-- Opening Marker --

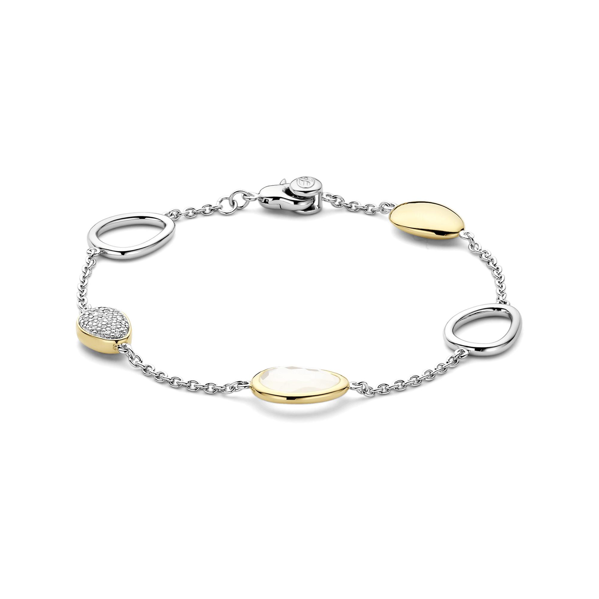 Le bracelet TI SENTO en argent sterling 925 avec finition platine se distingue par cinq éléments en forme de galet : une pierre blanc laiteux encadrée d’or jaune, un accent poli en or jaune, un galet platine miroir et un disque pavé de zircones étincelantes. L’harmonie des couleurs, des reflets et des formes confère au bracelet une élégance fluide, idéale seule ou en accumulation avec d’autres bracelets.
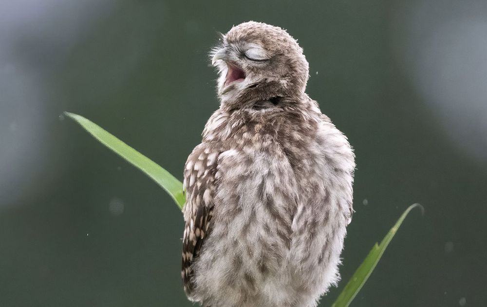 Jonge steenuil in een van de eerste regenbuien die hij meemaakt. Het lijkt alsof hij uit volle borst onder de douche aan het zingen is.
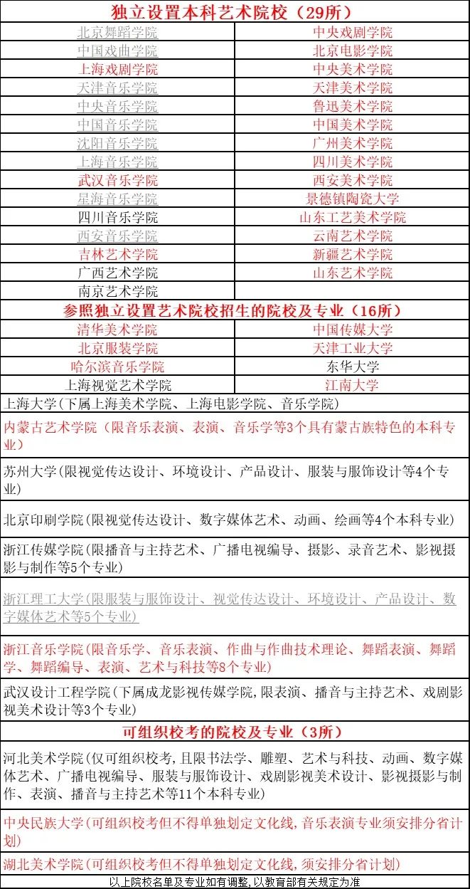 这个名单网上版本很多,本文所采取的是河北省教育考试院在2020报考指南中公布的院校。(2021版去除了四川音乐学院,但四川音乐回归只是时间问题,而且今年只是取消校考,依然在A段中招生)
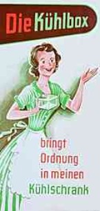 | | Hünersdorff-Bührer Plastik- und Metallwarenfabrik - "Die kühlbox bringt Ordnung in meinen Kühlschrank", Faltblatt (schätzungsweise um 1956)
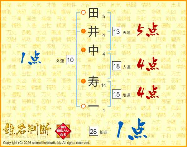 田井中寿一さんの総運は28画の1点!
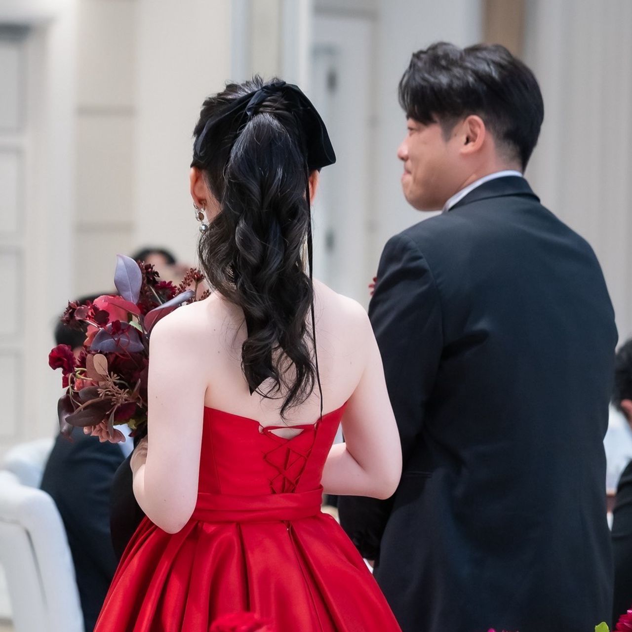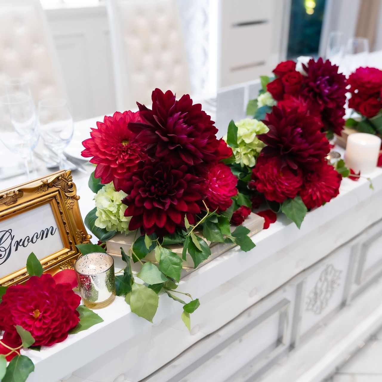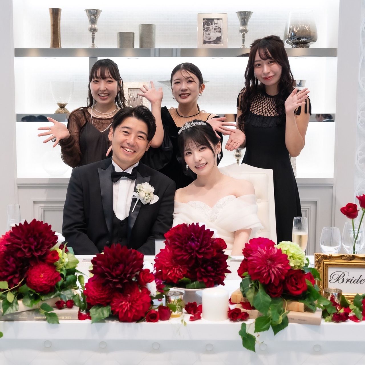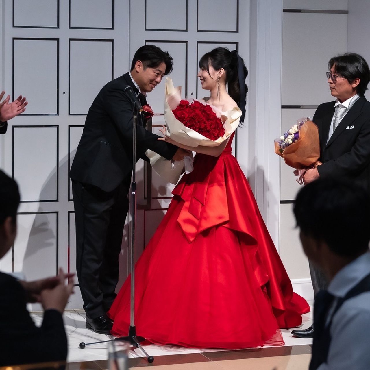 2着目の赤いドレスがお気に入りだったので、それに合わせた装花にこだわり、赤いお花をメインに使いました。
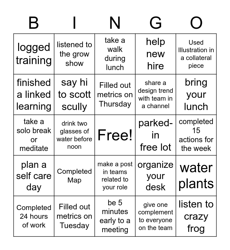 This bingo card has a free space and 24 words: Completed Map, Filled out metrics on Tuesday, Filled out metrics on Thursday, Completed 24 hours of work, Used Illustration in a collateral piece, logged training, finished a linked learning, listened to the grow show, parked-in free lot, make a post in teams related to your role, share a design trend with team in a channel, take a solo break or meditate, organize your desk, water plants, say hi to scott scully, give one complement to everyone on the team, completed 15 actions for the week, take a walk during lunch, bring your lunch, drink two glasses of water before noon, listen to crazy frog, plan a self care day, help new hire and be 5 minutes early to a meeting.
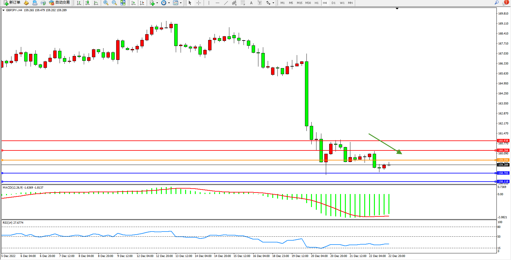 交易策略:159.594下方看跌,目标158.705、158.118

-- Closing Marker --
-- Opening Marker --

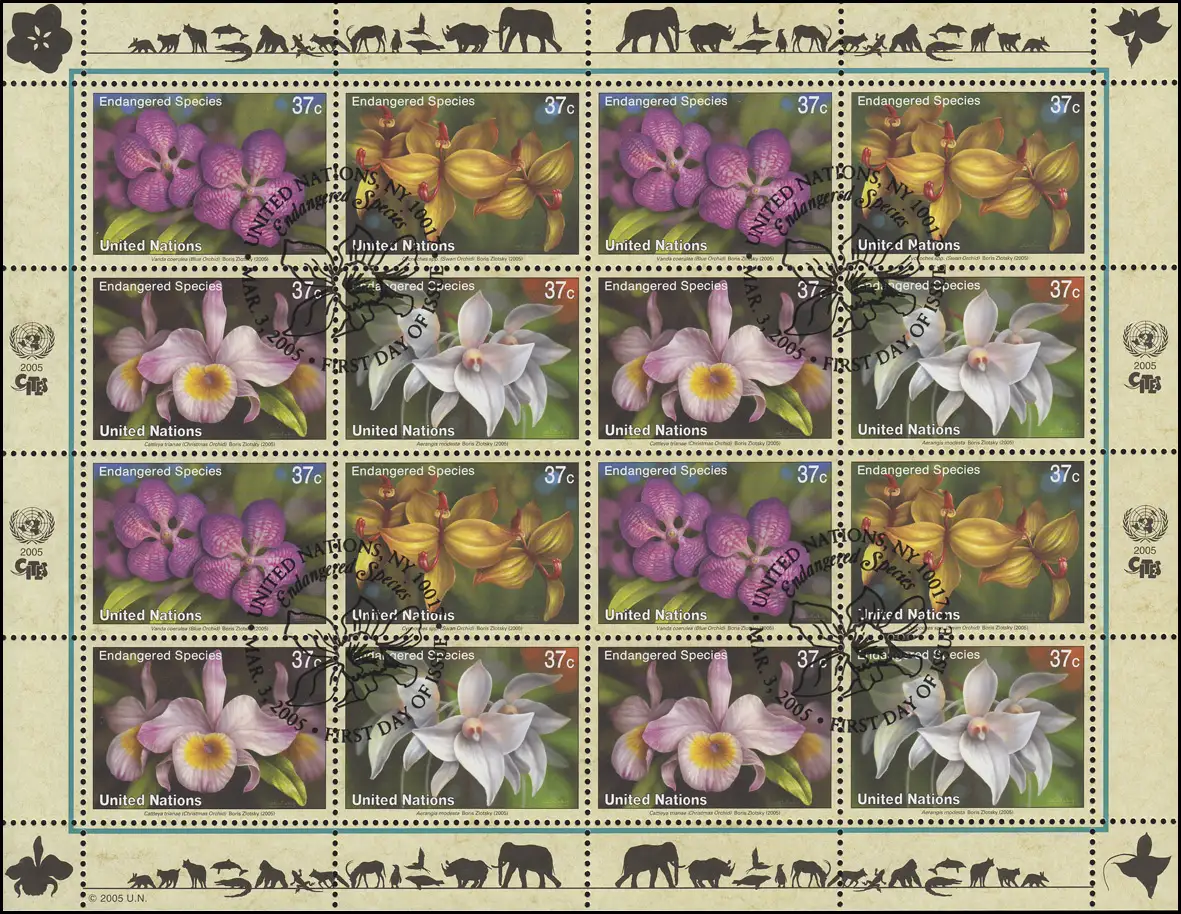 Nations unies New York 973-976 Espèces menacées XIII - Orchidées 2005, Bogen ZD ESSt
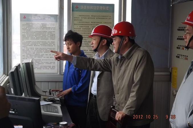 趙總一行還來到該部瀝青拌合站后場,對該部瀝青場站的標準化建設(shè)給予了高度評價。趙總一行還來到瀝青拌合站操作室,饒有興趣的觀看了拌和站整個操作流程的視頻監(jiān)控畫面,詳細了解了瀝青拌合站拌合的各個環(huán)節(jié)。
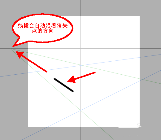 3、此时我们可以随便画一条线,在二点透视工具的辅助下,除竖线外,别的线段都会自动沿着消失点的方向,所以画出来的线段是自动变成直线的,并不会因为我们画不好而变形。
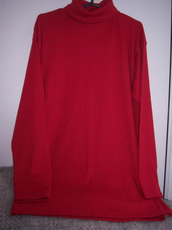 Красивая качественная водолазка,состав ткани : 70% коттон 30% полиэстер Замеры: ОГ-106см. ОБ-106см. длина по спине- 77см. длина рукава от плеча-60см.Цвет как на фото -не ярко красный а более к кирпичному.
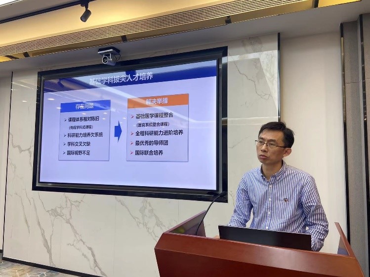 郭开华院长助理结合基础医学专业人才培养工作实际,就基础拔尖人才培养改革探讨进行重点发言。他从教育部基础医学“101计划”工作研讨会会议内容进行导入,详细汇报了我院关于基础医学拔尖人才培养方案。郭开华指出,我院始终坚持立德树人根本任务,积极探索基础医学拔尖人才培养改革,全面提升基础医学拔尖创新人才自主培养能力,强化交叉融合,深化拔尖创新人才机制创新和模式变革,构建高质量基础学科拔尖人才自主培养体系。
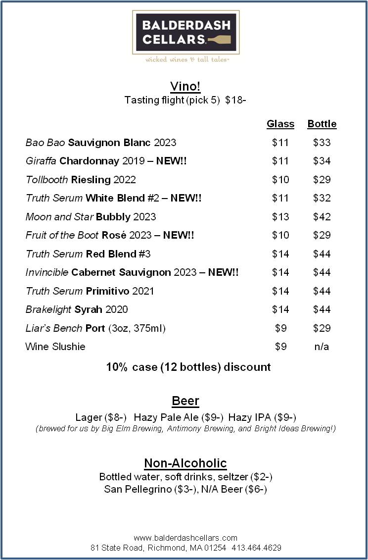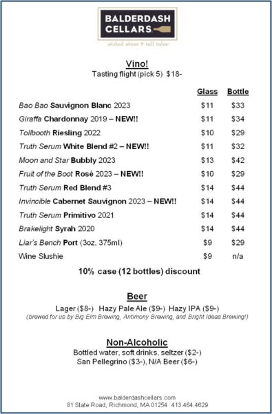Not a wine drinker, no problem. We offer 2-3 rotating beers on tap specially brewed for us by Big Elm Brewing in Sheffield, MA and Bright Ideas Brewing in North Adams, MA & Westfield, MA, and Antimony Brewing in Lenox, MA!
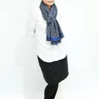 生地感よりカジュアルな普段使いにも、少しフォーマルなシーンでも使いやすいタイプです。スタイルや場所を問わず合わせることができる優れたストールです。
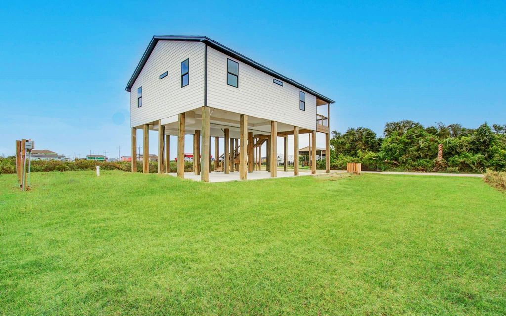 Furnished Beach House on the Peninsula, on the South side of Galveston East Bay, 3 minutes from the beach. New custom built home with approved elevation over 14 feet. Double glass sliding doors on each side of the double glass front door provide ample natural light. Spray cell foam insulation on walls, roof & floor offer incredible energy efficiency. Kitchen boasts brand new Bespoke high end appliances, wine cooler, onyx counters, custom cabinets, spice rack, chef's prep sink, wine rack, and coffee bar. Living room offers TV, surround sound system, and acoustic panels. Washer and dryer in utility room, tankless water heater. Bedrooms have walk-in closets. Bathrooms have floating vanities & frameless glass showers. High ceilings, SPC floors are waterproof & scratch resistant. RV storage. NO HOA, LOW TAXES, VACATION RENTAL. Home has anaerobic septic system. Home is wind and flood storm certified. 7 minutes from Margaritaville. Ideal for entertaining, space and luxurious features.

-- Closing Marker --
-- Opening Marker --

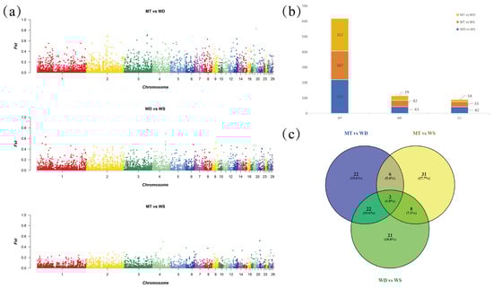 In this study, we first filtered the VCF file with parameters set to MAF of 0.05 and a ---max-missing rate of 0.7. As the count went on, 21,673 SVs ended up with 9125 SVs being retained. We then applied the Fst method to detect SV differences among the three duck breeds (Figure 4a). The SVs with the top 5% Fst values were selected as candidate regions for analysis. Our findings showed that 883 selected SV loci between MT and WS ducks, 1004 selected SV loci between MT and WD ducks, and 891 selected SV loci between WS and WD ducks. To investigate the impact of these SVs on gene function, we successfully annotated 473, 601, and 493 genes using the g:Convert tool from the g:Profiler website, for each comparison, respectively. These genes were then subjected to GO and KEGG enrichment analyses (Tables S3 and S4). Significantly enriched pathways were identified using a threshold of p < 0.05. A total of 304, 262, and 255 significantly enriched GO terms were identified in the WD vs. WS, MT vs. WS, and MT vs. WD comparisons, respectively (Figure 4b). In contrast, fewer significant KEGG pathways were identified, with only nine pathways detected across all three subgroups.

-- Closing Marker --

Exercise details
In the listing above, find the line with "Le bracelet TI" and output it and every line after it up to and including the line with "2着目の赤いドレスがお気に入", exactly, minus the pictures.

Final answer
 Le bracelet TI SENTO en argent sterling 925 avec finition platine se distingue par cinq éléments en forme de galet : une pierre blanc laiteux encadrée d’or jaune, un accent poli en or jaune, un galet platine miroir et un disque pavé de zircones étincelantes. L’harmonie des couleurs, des reflets et des formes confère au bracelet une élégance fluide, idéale seule ou en accumulation avec d’autres bracelets.
 Jonge steenuil in een van de eerste regenbuien die hij meemaakt. Het lijkt alsof hij uit volle borst onder de douche aan het zingen is.
 这个名单网上版本很多,本文所采取的是河北省教育考试院在2020报考指南中公布的院校。(2021版去除了四川音乐学院,但四川音乐回归只是时间问题,而且今年只是取消校考,依然在A段中招生)
 | | Hünersdorff-Bührer Plastik- und Metallwarenfabrik - "Die kühlbox bringt Ordnung in meinen Kühlschrank", Faltblatt (schätzungsweise um 1956)
 田井中寿一さんの総運は28画の1点!
 2着目の赤いドレスがお気に入りだったので、それに合わせた装花にこだわり、赤いお花をメインに使いました。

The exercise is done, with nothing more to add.